In the way of professional development, Grace recommends that teachers remain well informed about recent genetic advances and the different approaches to introducing molecular genetics in the classroom. This summer, Grace conducted a workshop on DNA molecular modeling at the Educators Institute on Genomics at the American Museum of Natural History.
How do you handle bioethics in the classroom?
Expert help on covering ethical issues and assessing the many sides to the discussions is available on the Internet. The National Institutes of Health have a database of bioethics-related sites. The ELSI Program, or Ethical, Legal, and Social Implications of Human Genetics Research, was established in 1990 to address the complicated issues that arise as the result of research into human genetics. The American Journal of Bioethics online offers a site called "Bioethics for Beginners" that offers educational tools.

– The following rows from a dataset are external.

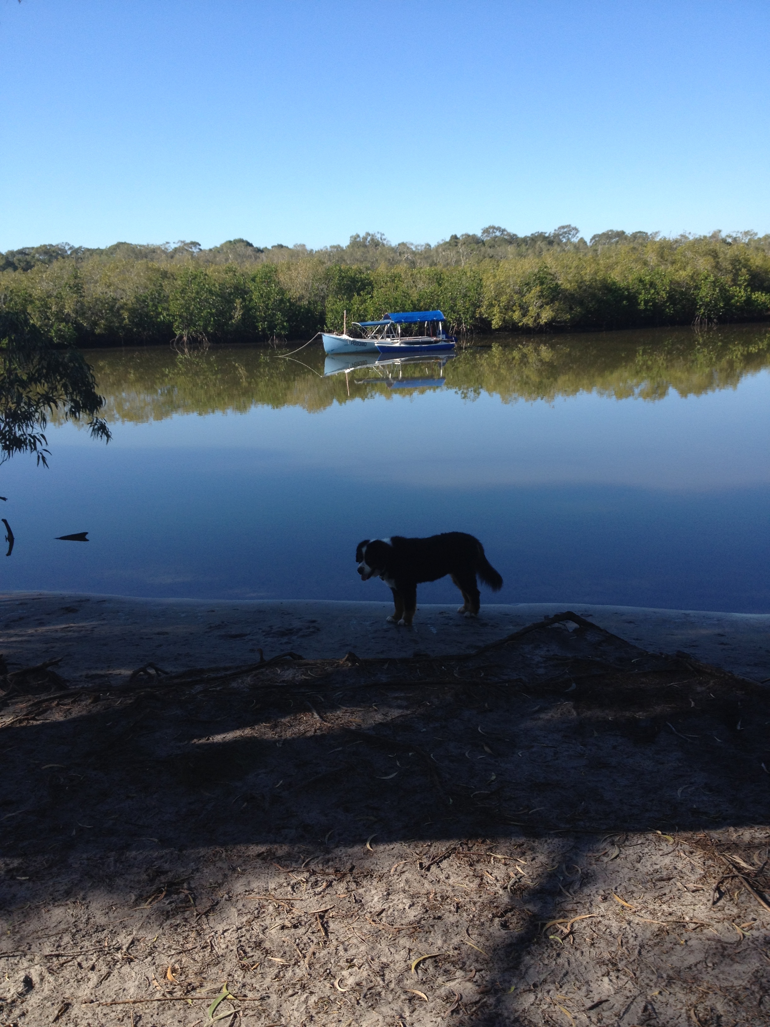 Smart dog! Shade and water nearly – he looks hot!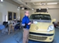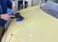 まずはボディ以外の磨かないパーツ(モールやヘッドライト等)にマスキングテープを貼っていきます。(ポリッシャーで傷つけたりし無い為の処置)傷ついたり薬剤が飛び散ったりし無い様に貼り終わったら、ポリッシャーで磨いていきます。まずは粗めのバフ(スポンジの様な物)で怪しい薬剤を塗りつけて磨いていきます。塗装面が熱を持たない様に機械自体もただ単純に回転するだけでは無くのの字を書く様に回転してます。(プロの持ち物は違いますね。ポリッシャーだけでも10点近くお持ちでした。塗装状態によって色々と使い分けするらしい)お〜磨いている箇所が霞みが晴れていく〜!ある程度磨くと今度は目の細かいバフに交換しと何度か磨きを掛けて最後に独自調合したコーティング剤(数種類)を何層にも塗り込んで行きコーティング剤がある程度固まったら出来上がりです!
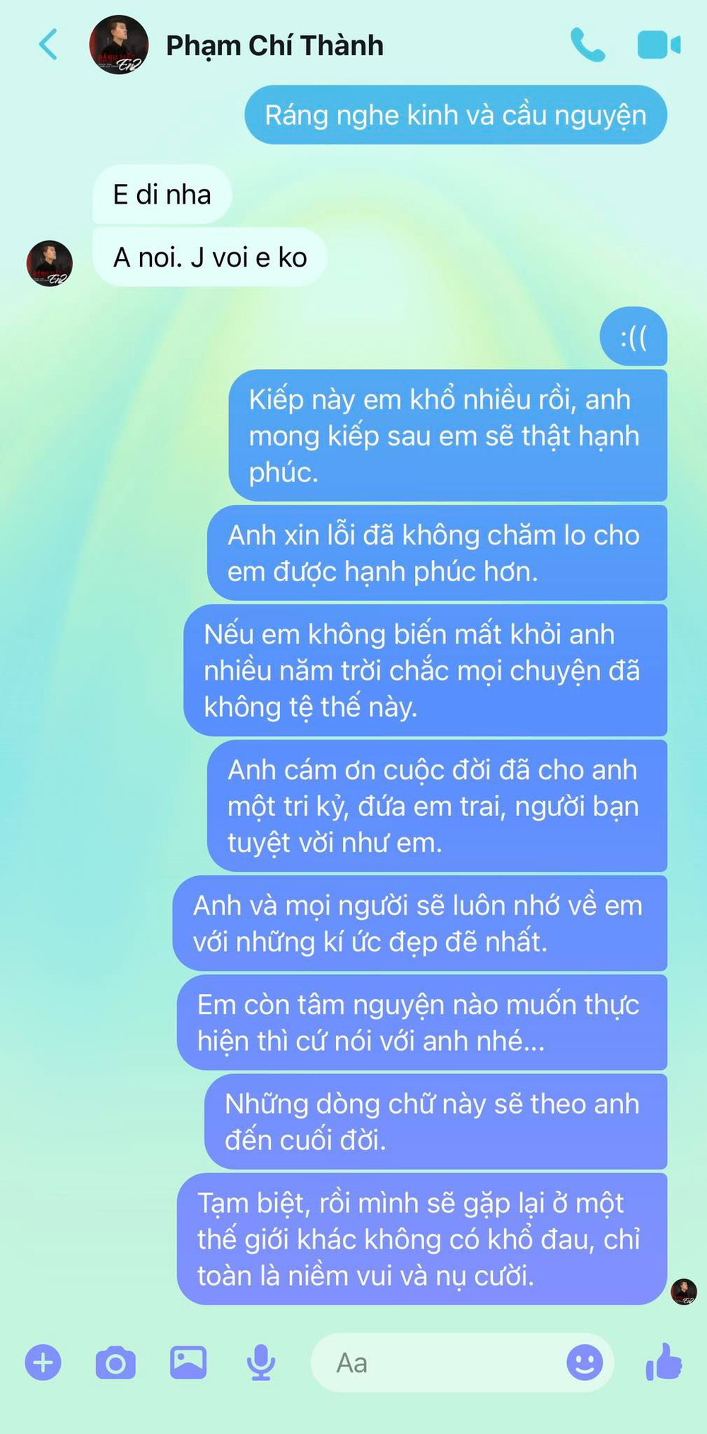 Anh cám ơn cuộc đời đã cho anh một tri kỷ, đứa em trai, người bạn tuyệt vời như em. Anh và mọi người sẽ luôn nhớ về em với những ký ức đẹp đẽ nhất. Em còn tâm nguyện nào muốn thực hiện thì cứ nói với anh nhé...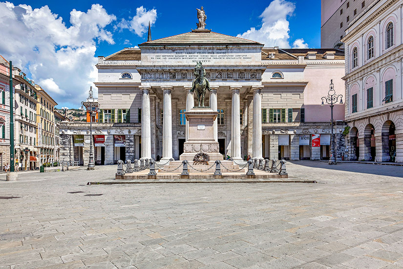 Die Piazza de Ferrari rahmt das Teatro Carlo Felice an einer Seite. Dabei handelt es sich um ein im frühen 19. Jahrhundert eröffnetes Opernhaus und Theater. Im Zweiten Weltkrieg wurde das Gebäude zum Teil zerstört und unter Beachtung der historischen Besonderheiten rekonstruiert. Der Haupteingang erinnert bis heute auf den ersten Blick an einen antiken Tempel aus Griechenland und entführt euch auf Wunsch in die Welt der Künste. So gehören Opern und Ballettaufführungen zum Standardprogramm. Auch Orchesteraufführungen sind je nach Verfügbarkeit zu besuchen. Die Reiterstatue vor dem Haupteingang des Theaters zeigt übrigens einen italienischen Freiheitskämpfer: Giuseppe Garibaldi.
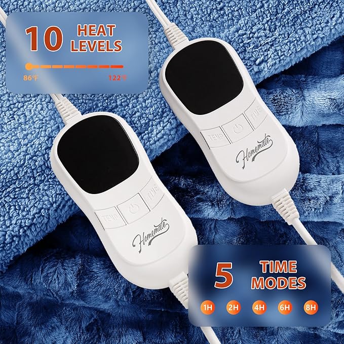 - Eesy to Use: Homemate heated blanket have 10 heat levels, 1h 2h 4h 6h 8h auto shut off. Temperature range is 86-122°F. There is only one button on the controller to control the temperature, very convenient to use, even the elderly, the sick, and the disabled can use it easily. Power cord is 16.7ft, this long cord makes the use of the warm blanket more flexible, can be used on the bed, on the sofa, can be used in the study and office, very convenient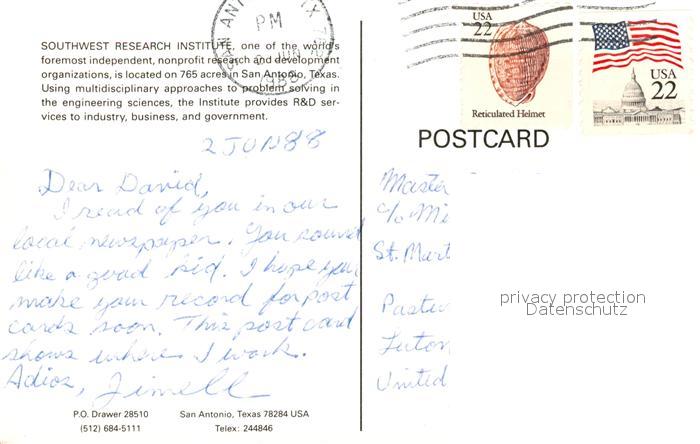 73078973 old postcard San Antonio Texas Fliegeraufnahme postalisch gelaufen Erhaltung siehe scans [KathaD81] KatCode: 14140460000000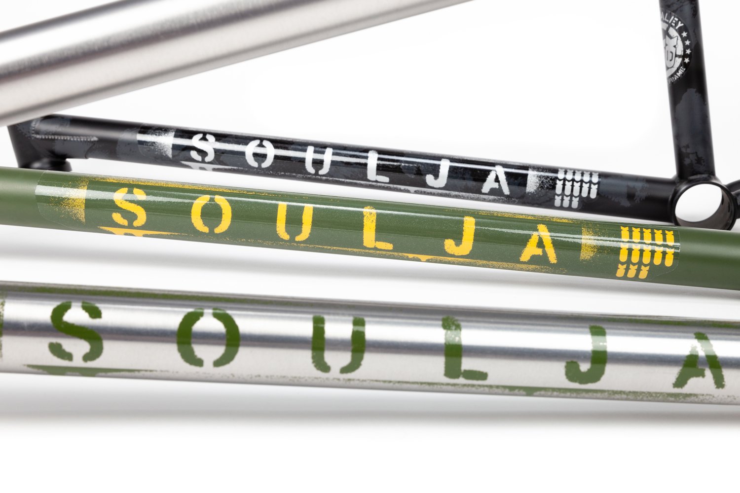 Built for battle! Dan Paley's signature Soulja frame is a favourite with street riders, featuring a 75.2 degree headangle, 8.8” standover, a super responsive 12.8 – 13.2” rear end and invest cast dropouts with built in chain tensioners.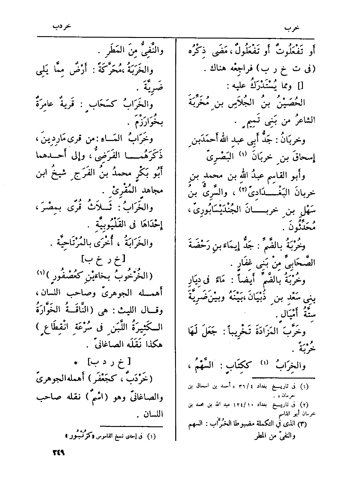 وخَرَابُ المَاءِ: من قرى مَارِدِينَ، ذَكَرَهُما الفَرَضِيُّ، وإِلى أَحدهما أَبُو بَكْرٍ محمدُ بنُ الفَرَجِ شيخُ ابْن مجاهدٍ المُقْرِىءِ.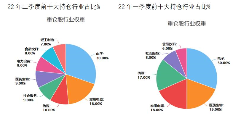 22年一季度和二季度的前十大持仓主要聚焦在电子、医药、家电、传媒方向。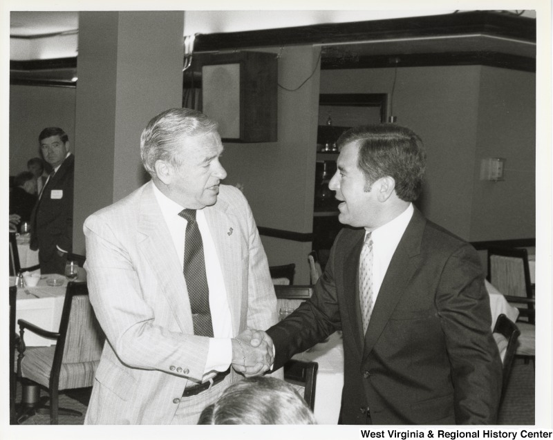 - Photograph of Congressman Rahall shaking hands with Chairman Howard at a breakfast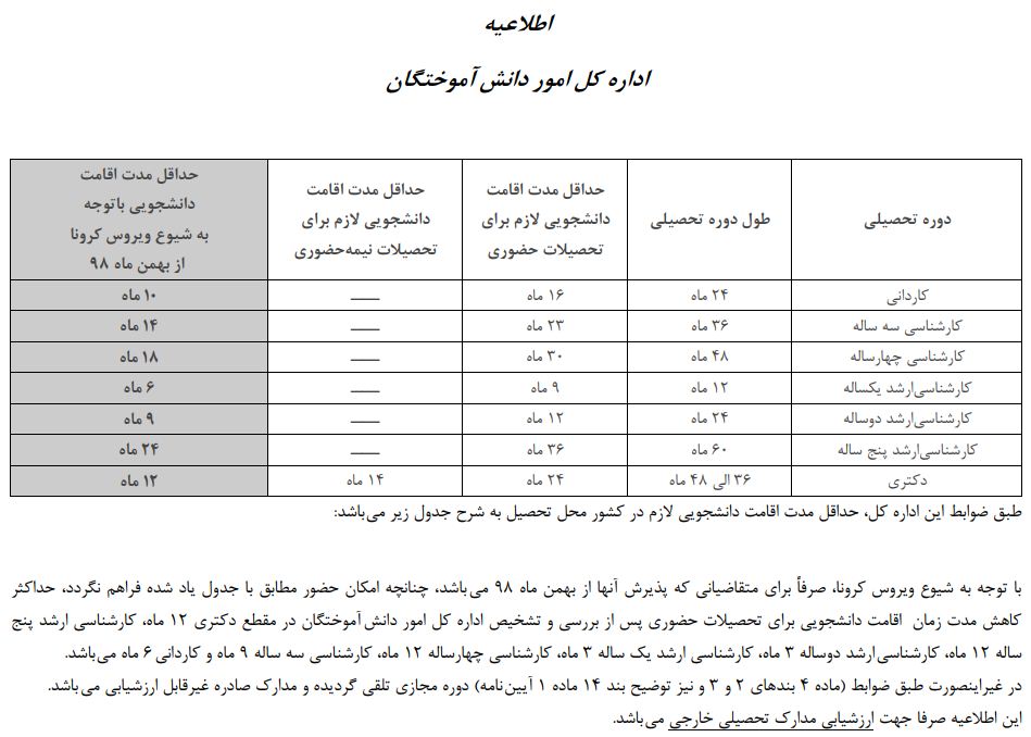 *دانشجویانی که نمیتوانند از مزایای جدید حداقل مدت اقامت دانشجویی که در بالا به آن اشاره شده است استفاده نمایند با توجه به تسهیل شرایط انتقال به داخل کشور، از طریق اداره کل دانشجویان داخل وزارت علوم اقدام نمایند.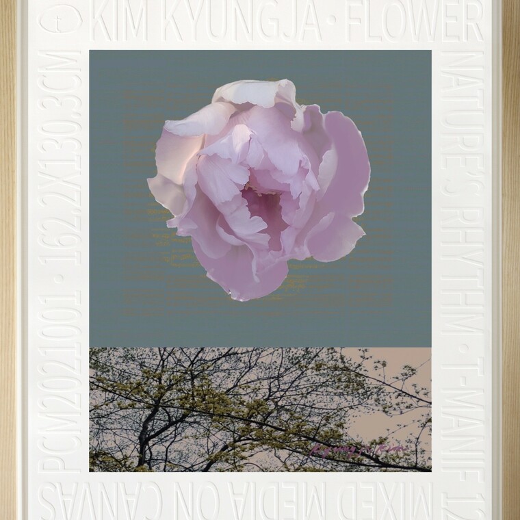 • [작가노트] 작품의 주제인 'Nature' Rhythm(자연의리듬)'을 사진과 computer와 수작업을 접목하여 제작한 미술작품 속에서의 종합예술. 자연의 리듬이라는 명제아래서 추구하는것은 자연과의 만남이고 생명과의 교감이라 할수있다. 꽃 이미지와 자연의 이미지를 병합시켜 상호간에 주고받는 대화적 관계를 보여주면서 자연 자체가 가진 고유의 리듬감을 인간이 만든 실제의 음악적 요소와 연결시켜 감상자로 하여금 화면에 몰입하도록 화면의 바탕에 놓여 진 실제적 악보의 리듬감을 같이 향유할 수 있게 하였다. 자연 이미지는 직접 찍은 사진을 변형 혹은 crop하고 강도에 변화를 주면서 blur, out-focus 처리를 한다. 악보는 좋아하는 곡을 선정하여 바탕색과 형태를 여러가지로 변화를 주거나 악보 자체를 변형시킨다. 꽃의 살아 움직이는듯한 이미지를 포착하여 칼라 및 형태의 변화를 주어 배치한다. 위의 세가지를 재구성하여 출력한 다음 Polymer Varnish(UVLS)로 표면처리한후 acrylic으로 retouch하거나 knife로 재작업한다. 마지막으로 부분적으로 석채나 유리 알갱이로 도포한다. 또 마티스의 화가의 비망록에서처럼 ‘내가 묘사하고자 하는 것은 관람자를 그림에 연루시키면서도 특정한 사물 이외의 어떤 것을 자유롭게 연상하도록 만들어서 작가와 관객과의 격차를 줄여 보려 하였다.

Genetics across the curriculum
Grace suggests that science and history/social studies departments create interdisciplinary forums or debates in which students would address ethical questions such as: Who should have access to personal genetic information? Should law enforcement, employers, and insurers have this information? Do parents have the right to have an unborn child tested for certain genetic diseases, or traits such as eye color? Should parents have the right to have such traits altered with gene therapy when the technology becomes available?